I have my antenna installed (Terk HDTVo) and when I connect directly to my tv I receive local analog stations, so I at least know it works. Now I'm having problems when I connect to the 8VSB port on the 921 receiver. I do a scan for both ATV and DTV channels and it continues to say processing, but the yellow channel bar never actually moves. Can anyone please help me?! I want to get the major networks in HD and should be within the necessary range. Also, the HD channels end in .1, so how do I get the .1 extension entered?


----------



## tnsprin (Mar 16, 2003)

ptamlptmch said:


> I have my antenna installed (Terk HDTVo) and when I connect directly to my tv I receive local analog stations, so I at least know it works. Now I'm having problems when I connect to the 8VSB port on the 921 receiver. I do a scan for both ATV and DTV channels and it continues to say processing, but the yellow channel bar never actually moves. Can anyone please help me?! I want to get the major networks in HD and should be within the necessary range. Also, the HD channels end in .1, so how do I get the .1 extension entered?


Sounds like a bad 8vsb tuner.

As far as getting in the HD stations. You only need to tune in the primary Digital channel, and it will detect all the sub channels (one or more) that exist.

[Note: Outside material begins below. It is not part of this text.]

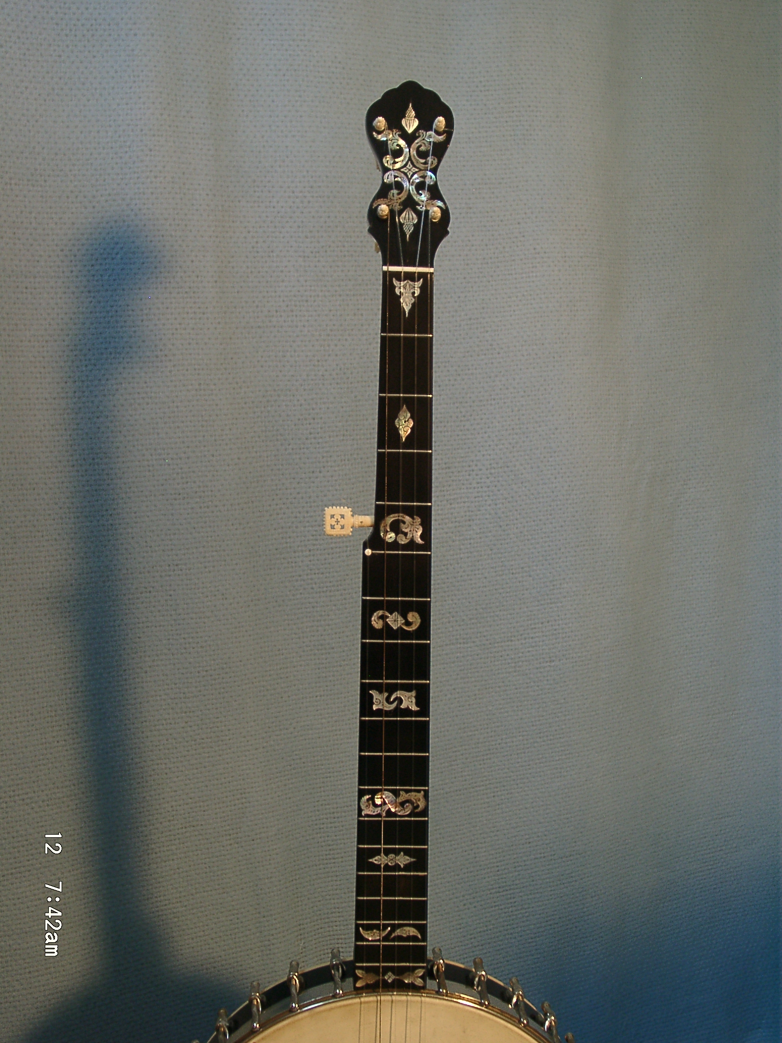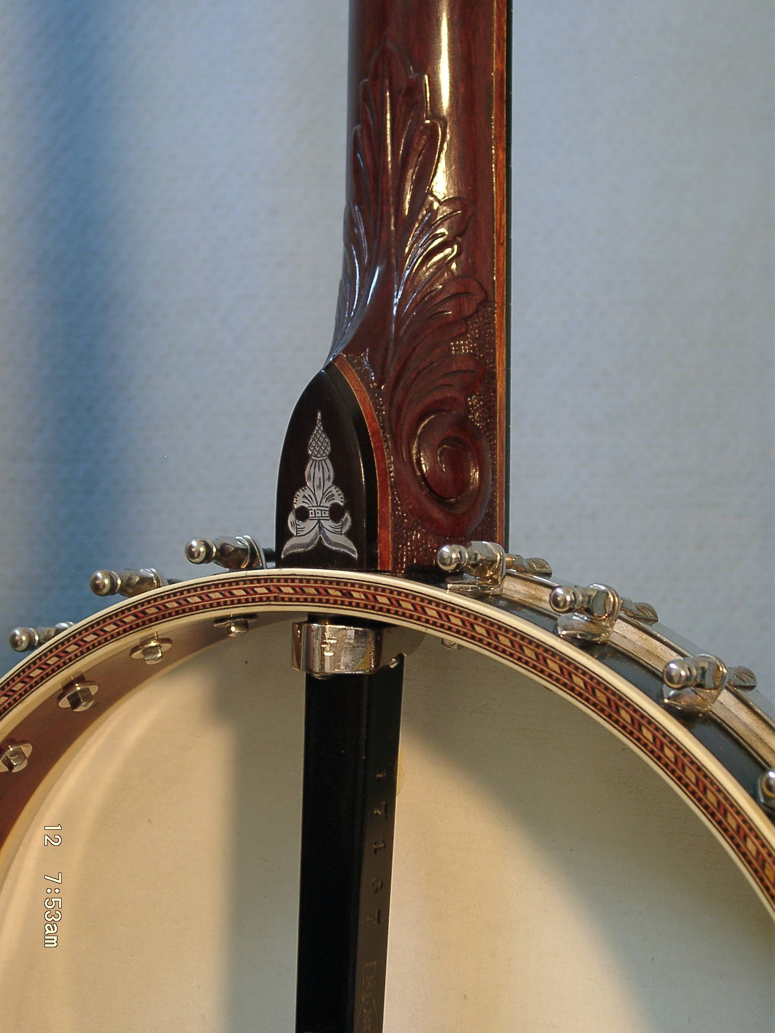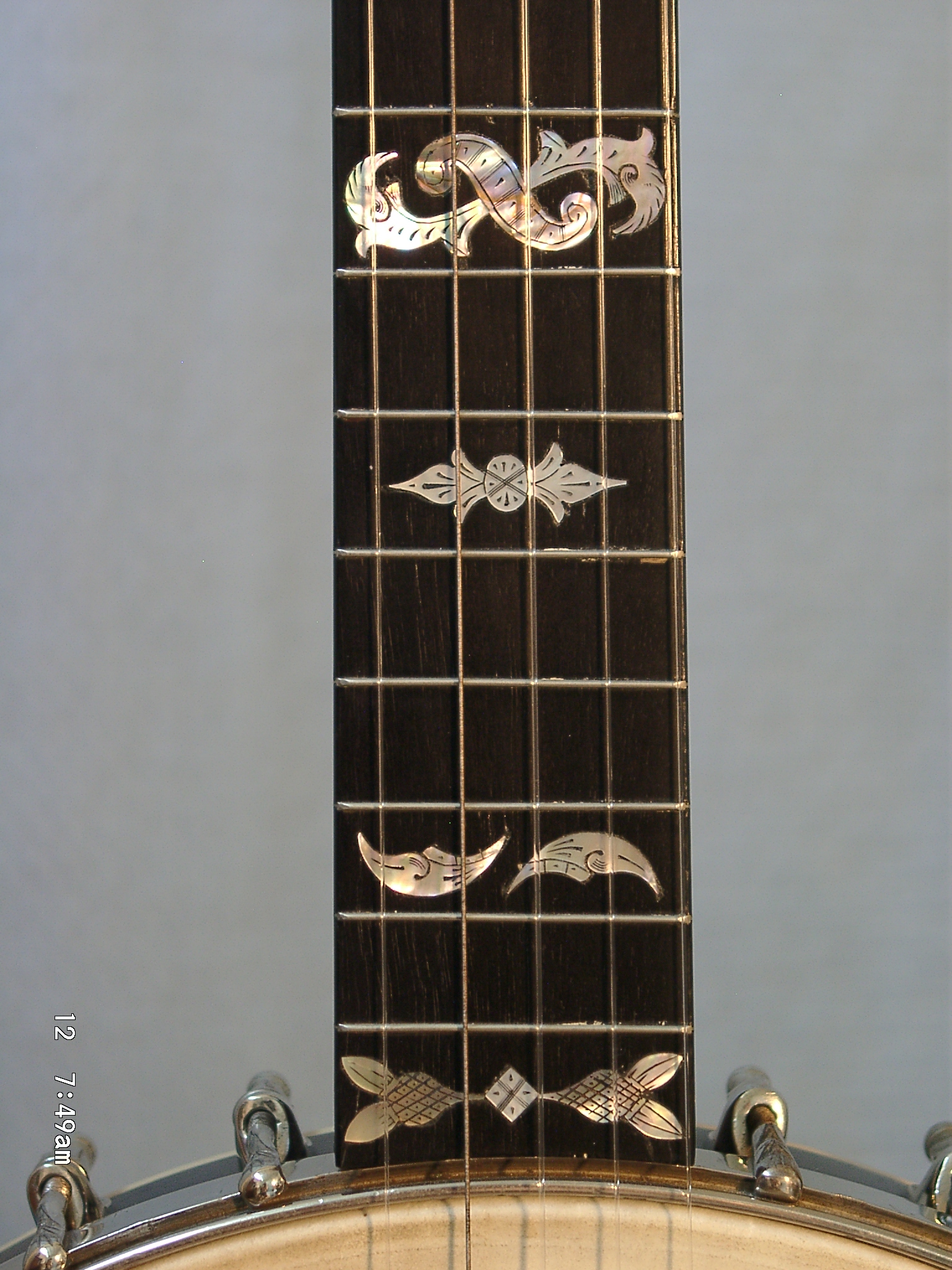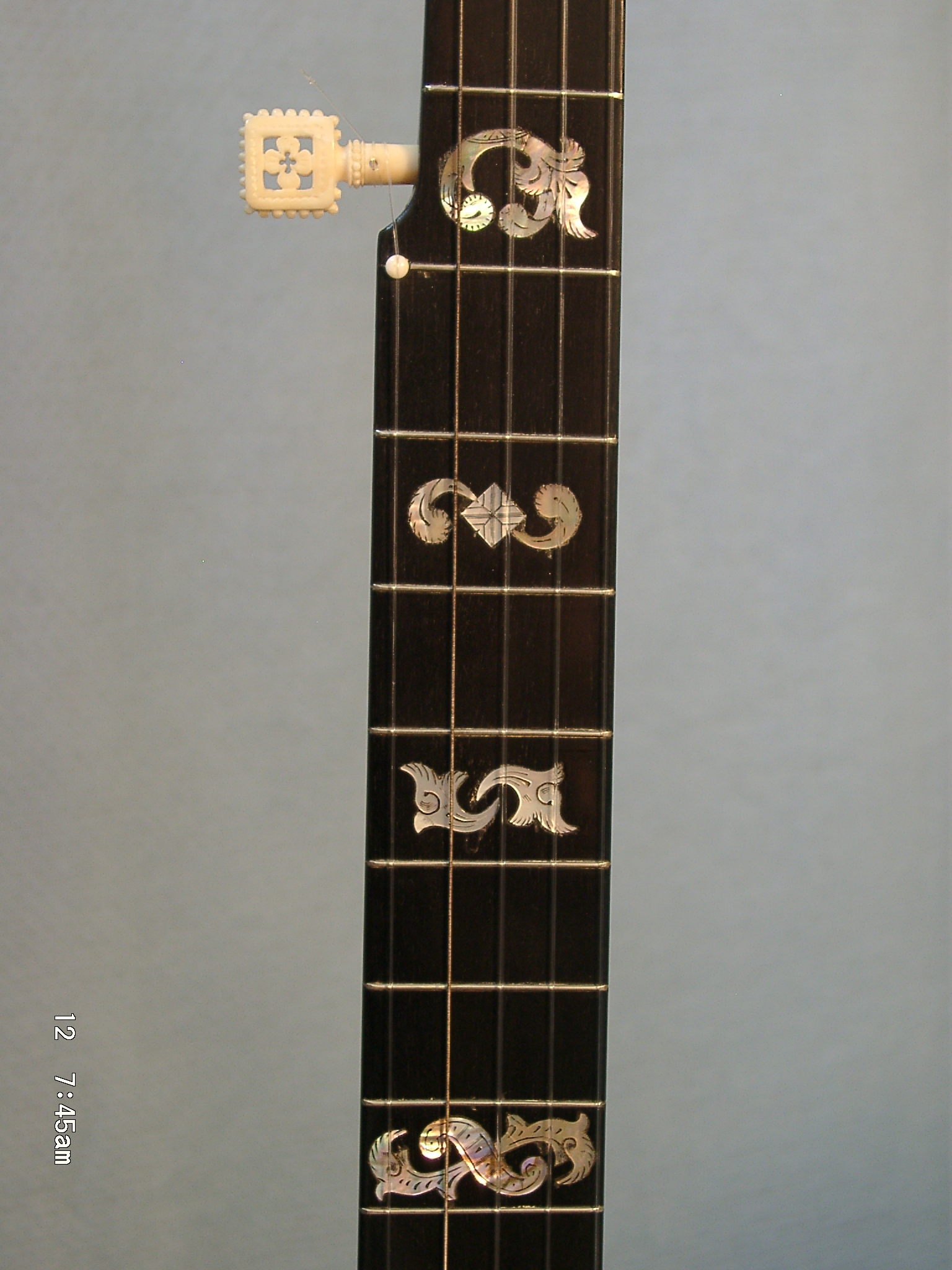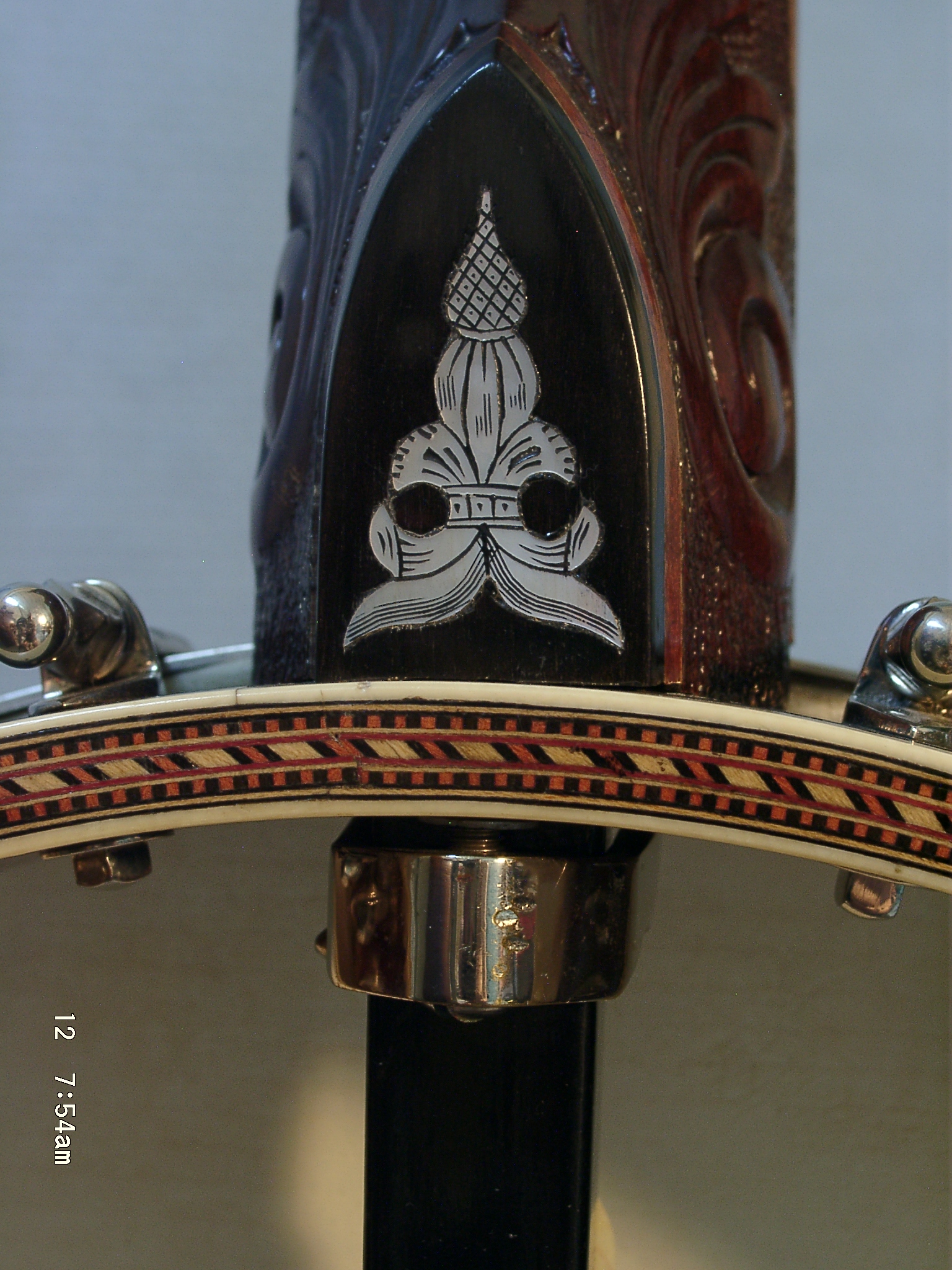 Background: Presumably throughout the Fairbanks era, customers could request banjos made to suit their specific wishes. The most elaborate of those are called Presentation Grade. Somewhat less elaborate instruments made for personal requests are referred to as Custom Grade. Even sub-Electric instrument models could possibly have been ordered but the vast majority were Electrics. Probably there are no 2 exactly alike as they were made to "scratch the itch" of the individual purchaser. For obvious reasons, people willing to pay extra for these banjos usually requested very desirable features. Among other things these could have included special carvings, engraved pots and/or cobra hooks, unusual inlays, different neck woods or veneers, preferred scale length and rim diameter, etc. With the costs and craftsmanship of that era, oh how I wish my grandfather had ordered a dozen or so and just let his imagination run wild! Survivors are quite rare, all are fascinating, and nearly all are "in benevolent bondage to Bollman in Boston."

e.g WABC 7 in NY broadcast as WABC-dt on channel 45. If you manually tune and lock 45, channels 7.1, 7.2 and 73 end up being added.


----------



## ptamlptmch (Jan 22, 2006)

Finally got it somewhat working. After scanning analog stations again quite a few came up and the major networks are very clear. But now I don't understand why the digital scan yields nothing, since antennaweb.org shows those stations as having the same compass orientation. Any ideas?


----------



## Michael P (Oct 27, 2004)

How far away are you form the transmitters? It's possible that you can get the analog stations but not their digital counterparts. There are a couple of stations in my area where I have that very same problem. These stations are running extremely low power on their digital transmitters, only the closest receivers get a lock. Fortunately I live in "ground zero" for the majority of the stations in my DMA, it's only the "Rim Shots" (stations outside the central area of the DMA with transmitters located in the outer reaches of the DMA) that give me problems. I get 2 "Rim Shot" stations (~25 miles away), but only by putting an A/B switch on my antenna set-up. A 3rd Rim Shot fromt he same general area is not locking, I hear that they are running at only 1KW. One other 1KW transmitter is close enough that an antenna adjustment gets that station, but I just barely get it - at 3.5 miles away


----------



## tnsprin (Mar 16, 2003)

ptamlptmch said:


> Finally got it somewhat working. After scanning analog stations again quite a few came up and the major networks are very clear. But now I don't understand why the digital scan yields nothing, since antennaweb.org shows those stations as having the same compass orientation. Any ideas?


Specify you DMA and approximate distance and direction from you stations antennas.

In general if you get analog you should be able to get your digital stations, but.... Lots of exceptions. Low powered diigital. Some locations that get to much multipath, etc.


----------



## oljim (Aug 6, 2002)

did you try to add chan manualy and see what signal you get on each one.


----------